Download and generate required input files.
# Download FASTQ files
wget --quiet -i fastq_files.txt
# Download and unzip reference files
wget --quiet -i reference_files.txt
gunzip dbsnp_138.hg19.vcf.gz
dbsnp_138.hg19.vcf.idx.gz
Mills_and_1000G_gold_standard.indels.hg19.sites.vcf.gz
Mills_and_1000G_gold_standard.indels.hg19.sites.vcf.idx.gz
1000G_phase1.indels.hg19.sites.vcf.gz
1000G_phase1.indels.hg19.sites.vcf.idx.gz
1000G_phase1.snps.high_confidence.hg19.sites.vcf.gz
1000G_phase1.snps.high_confidence.hg19.sites.vcf.idx.gz
1000G_omni2.5.hg19.sites.vcf.gz
1000G_omni2.5.hg19.sites.vcf.idx.gz
# Build BWA genome index and align reads
bwa-0.7.17/bwa index ucsc.hg19.fasta
bwa-0.7.17/bwa mem \
-K 100000000 -t 16 -Y ucsc.hg19.fasta \
SRR098401_1.filt.fastq.gz SRR098401_2.filt.fastq.gz \
| samtools-1.10/samtools view -1 - > NA12878.bam
# Sort aligned reads by genomic coordinates
java -jar picard.jar SortSam \
INPUT=NA12878.bam \
OUTPUT=NA12878.sorted.bam \
SORT_ORDER=coordinate \
CREATE_INDEX=true
# Fix ReadGroup tags
java -jar picard.jar AddOrReplaceReadGroups \
I=NA12878.sorted.bam \
O=NA12878.sorted.rgfix.bam \
RGID=NA12878 \
RGSM=NA12878 \
RGLB=1kgenomes \
RGPL=Illumina \
PU=Unit1 \
CREATE_INDEX=true
File tree.
hpexome-paper/
├── 1000G_omni2.5.hg19.sites.vcf
├── 1000G_omni2.5.hg19.sites.vcf.idx
├── 1000G_phase1.indels.hg19.sites.vcf
├── 1000G_phase1.indels.hg19.sites.vcf.idx
├── 1000G_phase1.snps.high_confidence.hg19.sites.vcf
├── 1000G_phase1.snps.high_confidence.hg19.sites.vcf.idx
├── bwa-0.7.17
├── bwa-0.7.17.tar.bz2
├── dbsnp_138.hg19.vcf
├── dbsnp_138.hg19.vcf.idx
├── fastq_files.txt
├── Mills_and_1000G_gold_standard.indels.hg19.sites.vcf
├── Mills_and_1000G_gold_standard.indels.hg19.sites.vcf.idx
├── NA12878.bam
├── NA12878.sorted.bai
├── NA12878.sorted.bam
├── NA12878.sorted.rgfix.bai
├── NA12878.sorted.rgfix.bam
├── performance.Rmd
├── picard.jar
├── README.md
├── reference_files.txt
├── run_performance_tests.sh
├── samtools-1.10
├── samtools-1.10.tar.bz2
├── SRR098401_1.filt.fastq.gz
├── SRR098401_2.filt.fastq.gz
├── ucsc.hg19.dict
├── ucsc.hg19.fasta
├── ucsc.hg19.fasta.amb
├── ucsc.hg19.fasta.ann
├── ucsc.hg19.fasta.bwt
├── ucsc.hg19.fasta.fai
├── ucsc.hg19.fasta.pac
├── ucsc.hg19.fasta.sa
├── validation.Rmd
└── venv
Run performance test script.
export SGE_ROOT=/var/lib/gridengine
bash run_performance_tests.sh
The script generated hpexome_timings.csv file.

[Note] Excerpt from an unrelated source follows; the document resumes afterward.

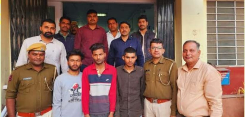 पुलिस की ओर से दस्तायाब किए गए आरोपी आकाश वाल्मिकी पुत्र नौरताराम उम्र 22 वर्ष निवासी पीलीबंगा हाल राजीव नगर बीकानेर, भोजराज नायक पुत्र हरीराम नायक उम्र 18 वर्ष निवासी राजीव नगर और मदन नायक पुत्र विजूराम नायक उम्र 19 निवासी पीलीबंगा हाल राजीव नगर बीकानेर।
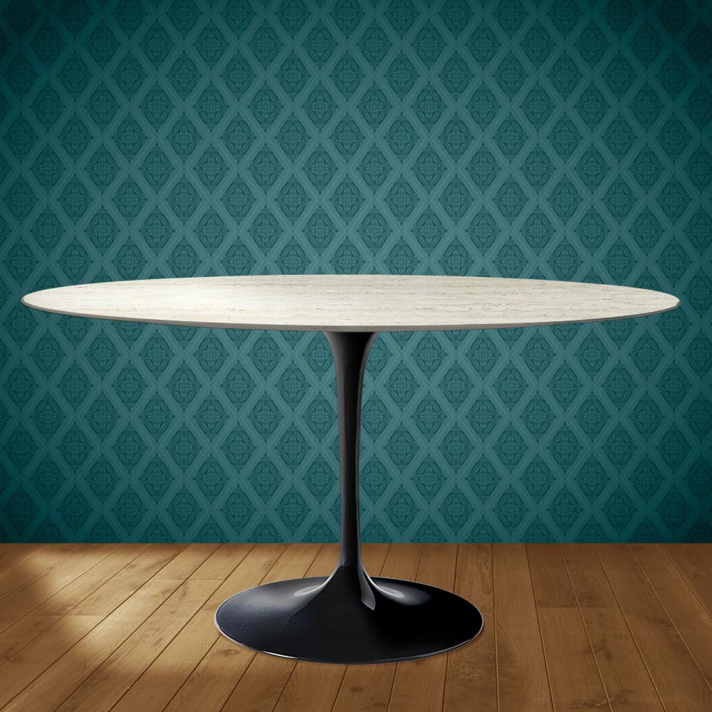 Stół jadalny z owalnym blatem z ceramiki Dekton Marmorio, o matowym efekcie marmuru trawertynowego i polerowanej aluminiowej podstawie, w całości wyprodukowany we Włoszech. Ten stół wyróżnia się dwiema cechami: owalnym kształtem i ceramiką Dekton Marmorio. Innowacyjny owalny kształt zyskuje coraz większą popularność w oryginalnych aranżacjach salonów i kuchni, doskonale uzupełniając nowoczesny i wyrafinowany styl.Złożona i wyrafinowana grafika oraz kolorystyka ceramiki Dekton Marmorio sprawiają, że pomieszczenie staje się ciepłe i przytulne, gwarantując funkcjonalność i jakość nawet z upływem lat. Ten stół jest idealny dla osób, które chcą nadać swojej przestrzeni niepowtarzalny i niezapomniany charakter.

Report is available at performance.md.
export SGE_ROOT=/var/lib/gridengine
hpexome \
--bam NA12877_S1.bam \
--genome ucsc.hg19.fasta \
--dbsnp dbsnp_138.hg19.vcf \
--indels ALL.wgs.indels_mills_devine_hg19_leftAligned_collapsed_double_hit.indels.sites.vcf.gz \
--indels ALL.wgs.low_coverage_vqsr.20101123.indels.sites.vcf.gz \
--sites ALL.wgs.dbsnp.build135.snps.sites.vcf.gz \
--stand_call_conf 40 \
--stand_emit_conf 10 \
--min_pruning 3 \
--scatter_count 16 \
--job_runner GridEngine \
hpexome_validation
Validation report is available at validation.md.